И добавил, что он — одиночка, что имеет такой опыт, такой, что благодаря этому опыту он насквозь видит Щепкина, видит, что тот подстава и провокатор. А в конце сказал, что настоящий Щепкин умер от истощения, а этот, который с ним в одной камере, этот упитанный и видно, что сытый, потому как его сейчас у следователя кормили.

— А вас не кормили, когда ночью приглашали? — с вызовом спросил Щепкин.

И сосед замолчал, уткнулся в телевизор, а потом и вовсе безучастно лег на кровать, стал читать книгу. Лег и Щепкин. Взял газету. Но текст не шел, буквы разбегались куда-то вправо и влево, не складывались в смысл, в картинку; и Щепкин надумал бежать, прихватив соседа, — тогда уж Сергеева проберет, тогда поверит он, мерзляк смиренный. Говорит, что больше тридцати, а сам на все сорок выглядит и залысины намечаются. И кроткий вдобавок. И трус. Точно, нужно бежать. Нужно потребовать, чтобы обоих вызвали на очную ставку, ведь они — подельники. И проверится: кто подстава, а кто трус.

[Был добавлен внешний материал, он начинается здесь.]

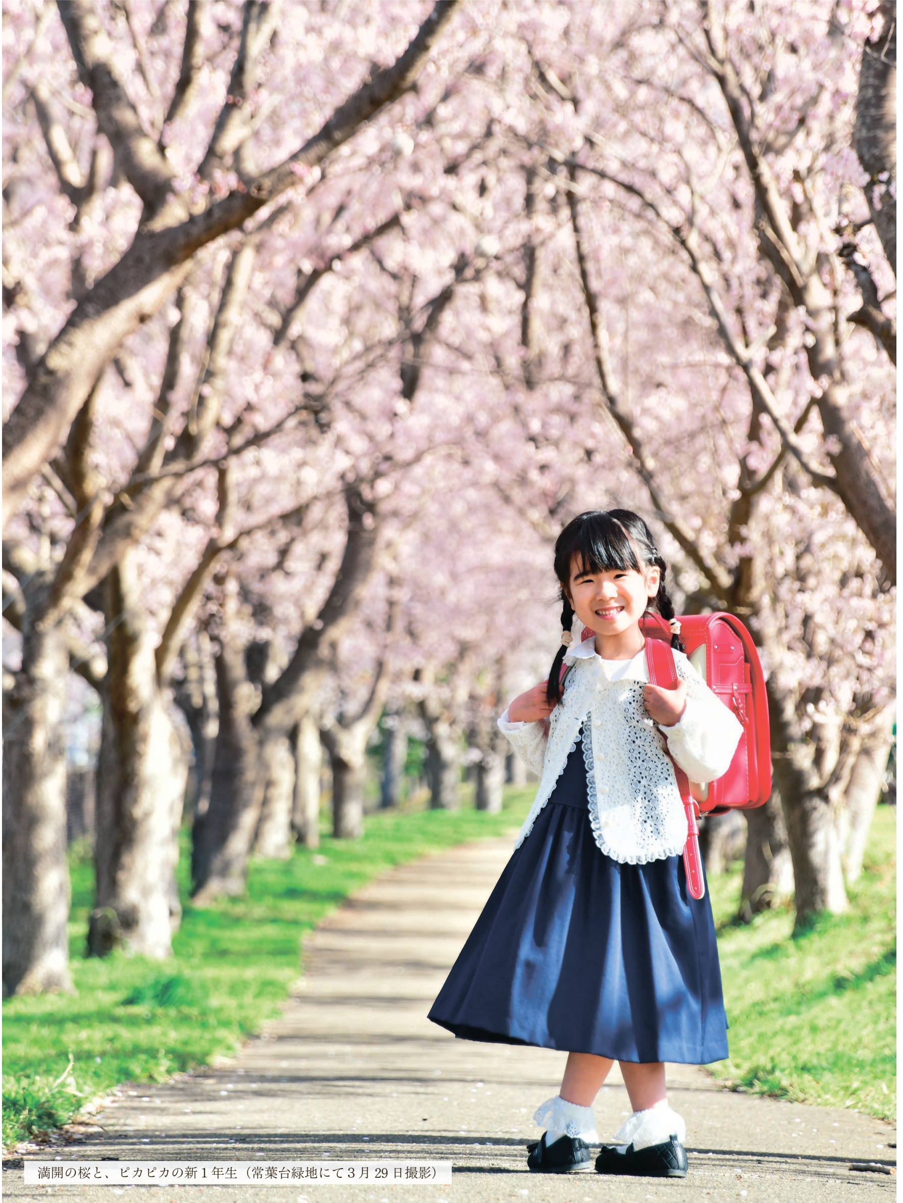
満開の桜と、ピカピカの新1年生（常葉台緑地にて3月29日撮影）

発行 ひたちなか市広報広聴課 ☎029(273)0111 編集 〒312-8501 ひたちなか市東石川2丁目10番1号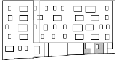
ALZADO CALLE PACHECO 7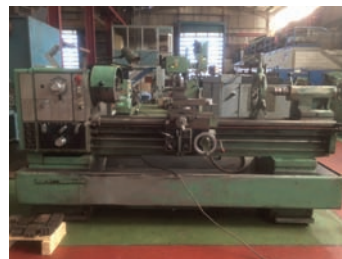
AV Tour parallèle HARRISON M500 x 1500 - ø sur le banc : 530 mm - Alésage de broche : 80 mm - Distance entre pointes : 1500 mm - ø admis dans le rompu : 730 mm - Vitesse de rotation de broche : 31-1600 Tpm - 1 lunette fixe Tél : 06 75 49 57 65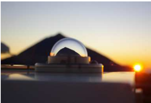
El Teide a través del domo del espectrofotómetro Brewer del Observatorio Atmosférico de Izaña.

Las actividades desarrolladas por Alberto Redondas durante su carrera profesional han propiciado que Izaña juegue un papel muy destacado en la observación de la capa de ozono y su control de calidad en el contexto internacional.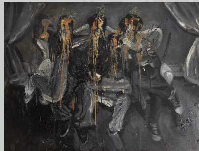
BRUNO PASTOR VELASCO AMISTAD Óleo sobre lienzo 100 x 120 cm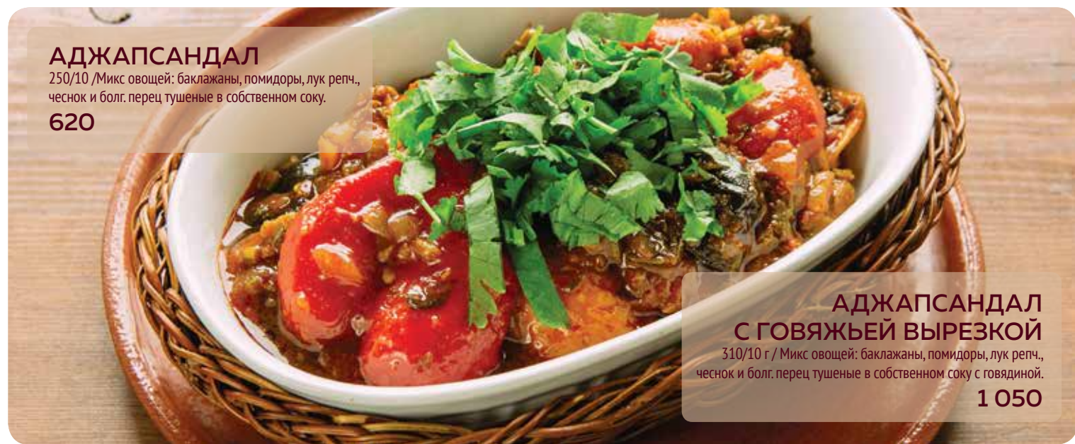
АДЖАПСАНДАЛ 250/10 /Микс овощей: баклажаны, помидоры, лук репч., чеснок и болгар. перец тушеные в собственном соку. 620

Утром следующего дня Щекин передал записку с требованием провести очную ставку. После полудня обоих пригласили в кабинет. Оба сидели напротив чиновника, отвечая на пустые вопросы. Выбрав момент, когда чиновник приблизился на достаточное расстояние, Щепкин напал на него, ударил стулом, оглушил, повалил на пол. Сорвав с чиновника парик, Щепкин натянул его на себя, облачился в пиджак, вогнал в ухо радио-суфлер и, подхватив со стола мину, бросил ее в портфель, схватил удивленного Сергеева под локоть, шагнул к двери.

— Побег? — догадался Сергеев, — кипит твое молоко!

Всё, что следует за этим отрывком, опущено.